Wednesday, September 4, 2013

No data in TNPM reports? Some things to investigate...

Hi,

This last week I saw something in TNPM that reminded me about one of the most common issues when processing and reporting performance data...no data in the reports. In this case it is quite obvious that something is wrong...but where is the problem?

I would like to share some steps I always take in order to investigate the problem in TNPM

Was data ever collected before?

This is the first thing to check...navigate to the past in the report (preferably a report with a chart in order to see raw data over time). Is there any datapoint available? If yes, when was the last one?
The most part of the time you will notice that the issue is not in TNPM itself, but in the data source. It can be a not announced patch applied to the device by the engineer dept (and they always forget to inform it :). It can be some network change caused by a new product release. It can be a change in the sftp credentials used to collect data...etc. Looking backward on time and identifying exactly the last collection point should be your first step.

Are the datachannel components running correctly?

Go to the Datachannel server and do a dccmd status all. Check if all components are on time or if one or many of them are delayed by some hours. Look for a column called "ES DURATION". The numbers indicate how long the component is in a "fixed state". Ideally you should see small numbers (let's say smaller than 100), indicating that something is being processed, except for the DISC component, that will usually have a big number.
Please be attentive here, specially if you are using CSE/CME formulas that depends on input from different subchannels. If one subchannel is delayed in time it will delay all dependent subchannels as well.

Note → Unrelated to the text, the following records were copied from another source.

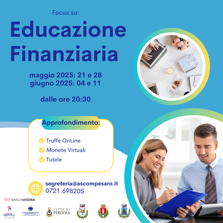 Terziario Donna con Confcommercio Marche Nord e la collaborazione di Banca Widiba e delle amministrazioni comunali coinvolte organizza un corso di ‘Educazione finanziaria’ per approfondire tematiche di strettissima attualità, in particolare le truffe online e le monete virtuali.
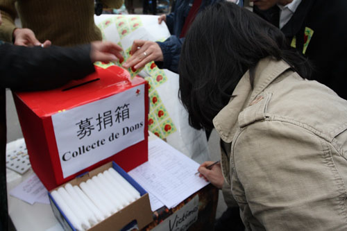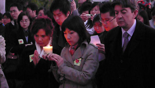 法國友人與法國華人華僑和留學生一起為四川大地震遇難者進行祈禱。圖中為法國前總統希拉克的養
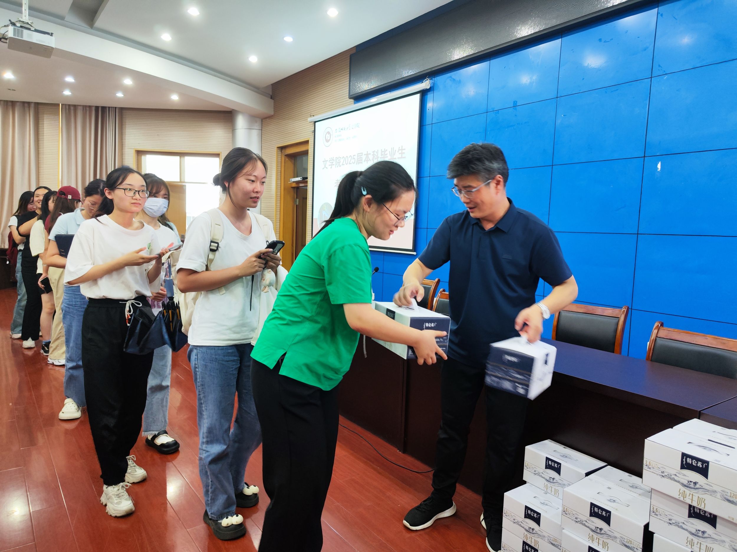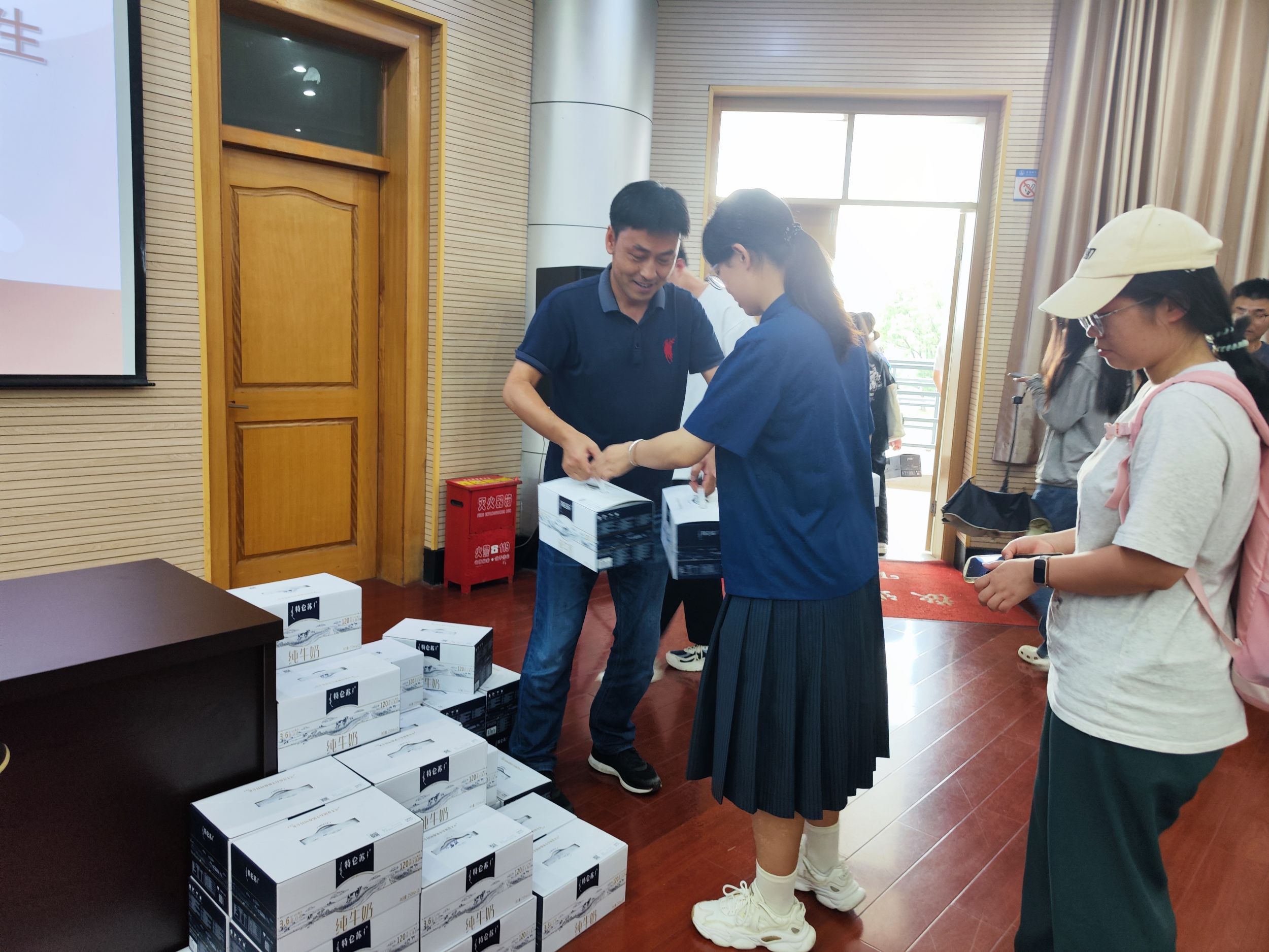 会后,学院领导老师为同学们发放了牛奶等慰问品,表达了全院教师对同学们的期盼与祝福。

Are there ".bof" files being generated?

Go to the datachannel server and check the done directory for the subchannel with problems. You should see files with the extension ".bof" in it (except for the BCOL where you will find ".pvline" files). Please remember that the data flows in the following order:

BCOL
                => FTE   =>  CME   =>  LDR  => DLDR
SNMP

So, if you can find ".bof" files in the FTE/done directory and in the CME/done directory but not in the LDR/done directory for a specific subchannel, this means that the problem is in the CME and not in the LDR

Can you find some metric for your subelement in the ".bof" files?

Select one subelement that should have data displayed in the report, and get its dbIndex (the easiest way is to export the RST table to csv and look into the resource column).

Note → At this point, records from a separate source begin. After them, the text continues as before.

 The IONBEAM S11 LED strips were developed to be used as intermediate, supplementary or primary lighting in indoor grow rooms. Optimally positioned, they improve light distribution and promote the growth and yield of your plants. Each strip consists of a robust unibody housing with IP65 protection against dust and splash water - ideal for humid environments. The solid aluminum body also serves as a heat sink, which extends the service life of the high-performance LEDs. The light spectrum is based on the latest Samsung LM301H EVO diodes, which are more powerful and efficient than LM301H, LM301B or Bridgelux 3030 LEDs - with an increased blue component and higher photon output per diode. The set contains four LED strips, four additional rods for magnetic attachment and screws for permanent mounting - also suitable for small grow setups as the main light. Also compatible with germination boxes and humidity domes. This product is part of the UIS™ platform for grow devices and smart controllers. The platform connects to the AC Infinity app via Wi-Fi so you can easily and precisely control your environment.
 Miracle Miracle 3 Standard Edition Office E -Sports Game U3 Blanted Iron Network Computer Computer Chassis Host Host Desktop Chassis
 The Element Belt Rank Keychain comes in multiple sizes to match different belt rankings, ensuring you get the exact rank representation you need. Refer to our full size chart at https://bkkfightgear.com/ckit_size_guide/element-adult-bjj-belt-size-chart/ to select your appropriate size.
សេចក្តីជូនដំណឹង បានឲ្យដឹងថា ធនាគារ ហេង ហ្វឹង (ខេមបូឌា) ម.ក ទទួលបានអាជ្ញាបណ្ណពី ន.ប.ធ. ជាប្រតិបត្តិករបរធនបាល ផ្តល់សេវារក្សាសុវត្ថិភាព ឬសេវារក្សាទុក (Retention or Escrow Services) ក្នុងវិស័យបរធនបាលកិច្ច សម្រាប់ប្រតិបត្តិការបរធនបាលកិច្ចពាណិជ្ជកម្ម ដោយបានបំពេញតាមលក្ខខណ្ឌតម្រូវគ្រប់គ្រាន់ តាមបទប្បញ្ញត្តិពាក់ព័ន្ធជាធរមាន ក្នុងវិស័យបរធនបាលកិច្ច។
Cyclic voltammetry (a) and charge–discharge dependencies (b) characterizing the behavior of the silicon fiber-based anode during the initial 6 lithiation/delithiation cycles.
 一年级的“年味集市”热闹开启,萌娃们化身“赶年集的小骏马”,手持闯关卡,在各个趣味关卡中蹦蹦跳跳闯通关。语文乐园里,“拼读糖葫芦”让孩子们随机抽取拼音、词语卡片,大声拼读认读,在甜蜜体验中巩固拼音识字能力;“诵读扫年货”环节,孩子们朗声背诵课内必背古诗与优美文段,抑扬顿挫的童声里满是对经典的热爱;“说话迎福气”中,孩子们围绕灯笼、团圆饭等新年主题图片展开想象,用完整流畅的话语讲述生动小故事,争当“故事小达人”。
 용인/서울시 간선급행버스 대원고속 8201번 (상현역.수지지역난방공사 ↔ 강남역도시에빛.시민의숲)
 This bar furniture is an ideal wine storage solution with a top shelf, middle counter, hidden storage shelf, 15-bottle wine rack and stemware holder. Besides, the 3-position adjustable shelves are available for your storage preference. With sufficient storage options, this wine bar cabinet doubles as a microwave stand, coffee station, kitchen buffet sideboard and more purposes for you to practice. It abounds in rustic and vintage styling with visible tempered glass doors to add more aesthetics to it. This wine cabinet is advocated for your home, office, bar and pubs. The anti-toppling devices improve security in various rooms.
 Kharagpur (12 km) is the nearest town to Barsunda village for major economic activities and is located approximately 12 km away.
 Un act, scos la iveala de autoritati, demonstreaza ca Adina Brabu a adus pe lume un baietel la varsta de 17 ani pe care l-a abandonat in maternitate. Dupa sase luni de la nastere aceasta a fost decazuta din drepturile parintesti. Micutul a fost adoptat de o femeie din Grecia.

Go to the data directory, find a recent ".bof" file and execute 

bofDump -r <dbIndex> <filename>.bof 

If nothing comes out, them the problem may be in the collection tree or collection requests (continue reading...)

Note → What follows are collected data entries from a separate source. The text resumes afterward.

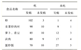 某公司职工146人于4月初春游,在餐馆用中餐。深夜,有16人在各自家中突发腹痛、腹泻、恶心、呕吐,怀疑发病与中餐有关。进一步追查有114人在两天内先后有症状,收集到110人饮食与发病史,结果如下:
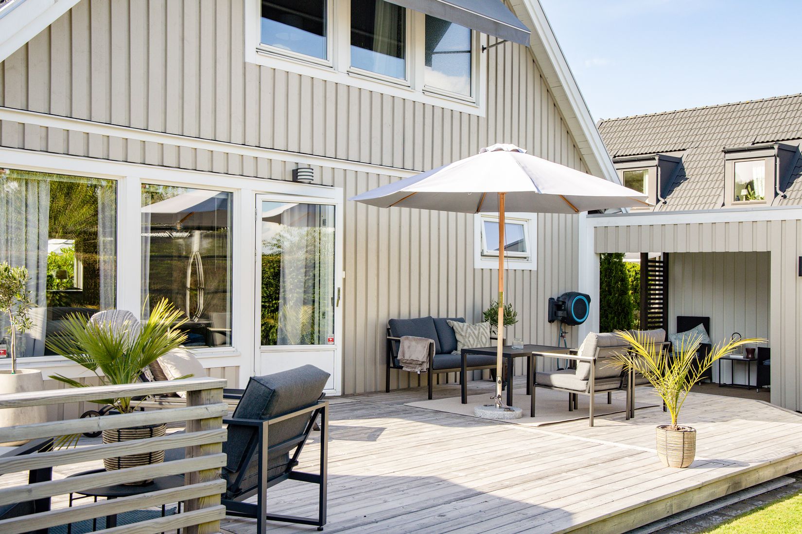 Utemiljön är en naturlig förlängning av huset. Den fina altanen tillsammans med gräsmattan skapar en privat och trivsam plats för lek, avkoppling och sociala tillställningar. Här finns utrymme för både grillkvällar, lek, odling och avkoppling – en plats att njuta av under årets varmare månader.
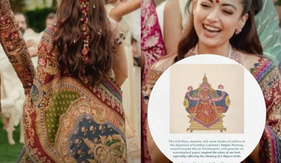 Rashmika’s Mehendi Saree Features Rare 1825 Tanjore Goddess Lakshmi Artwork
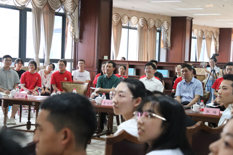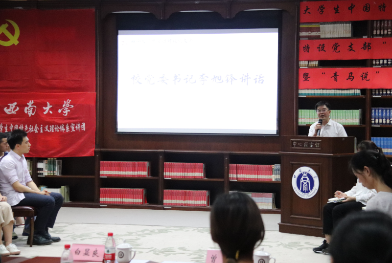 6月13日晚,yl8858永利集团大学生中国特色社会主义理论体系宣讲团特设党支部(以下简称“大学生中宣团”特设党支部)“满分青春”主题党日活动暨“青马说”大学生理论学习沙龙在中心图书馆九楼举行。校党委书记李旭锋走进党支部,与现场青年党员“面对面”交流,讲述自身青春故事,为全体党员带来一堂生动而特别的党课。校党委副书记、yl88858永利中国党委书记(兼)潘洵、yl88858永利中国院长、党委副书记白显良、yl88858永利中国党委副书记张梅、“大学生中宣团”特设党支部全体党员等参加此次活动。活动由yl88858永利中国党委副书记、“大学生中宣团”特设党支部书记曾艳主持。
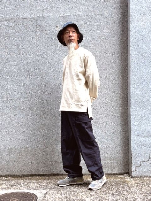 秋に向けて、シンプルながらも素材感やディテールに特徴のあるアイテムが届いています。早速スタイリング。フランスは「CONCHON QUINETTE」のヘンリーネック・カットソー。ドライな質感のオーガニックコットン素材が良いです。適度なハリ・コシがあり、一枚で着ていても型崩れしにくくラフになり過ぎない大人のカットソーです。裾のスリットも特徴的ですが、よく見ると袖口のリブも段編みになったビンテージ仕様。こういった細かなこだわりが、全体に良い空気感を与えてくれます。ボトムは「PROPPER」から6ポケットカーゴです。この手のミリタリーパンツとしては、スッキリめの美シルエット。サラッとした綿100%のリップストップ生地もGOODですね。ダークネイビーを選べば、土臭いミリタリーとは一味違った印象になりますね。アクセントにもなっているサイドの大きなカーゴポケットがポイントです。ウォッシュ加工で雰囲気のある「DORFMAN」のハットもハマってます。簡潔な着こなしの時ほど、素材やディテールに拘ってみてはいかがでしょう。

Is the subelement in the correct folder in the collection tree?

Open the "pvm", go to the "resource editor" and check if the subelement is in the correct collection folder. If not, please check your grouping rules using the "rule editor".

Is a collection formula deployed and active for the collection folder?

Open the "request editor" and check if at least one collection formula is deployed and active for the collection folder.

NOTE: One small trick here. If the subelement exists in the collection folder, the formula is deployed and active and you can see data for other subelements in the same folder but not for this specific one, do a grep in the tnpm.log file using the dbIndex of this subelement and you will probably find an error saying the subelement was dropped because no request exists for it.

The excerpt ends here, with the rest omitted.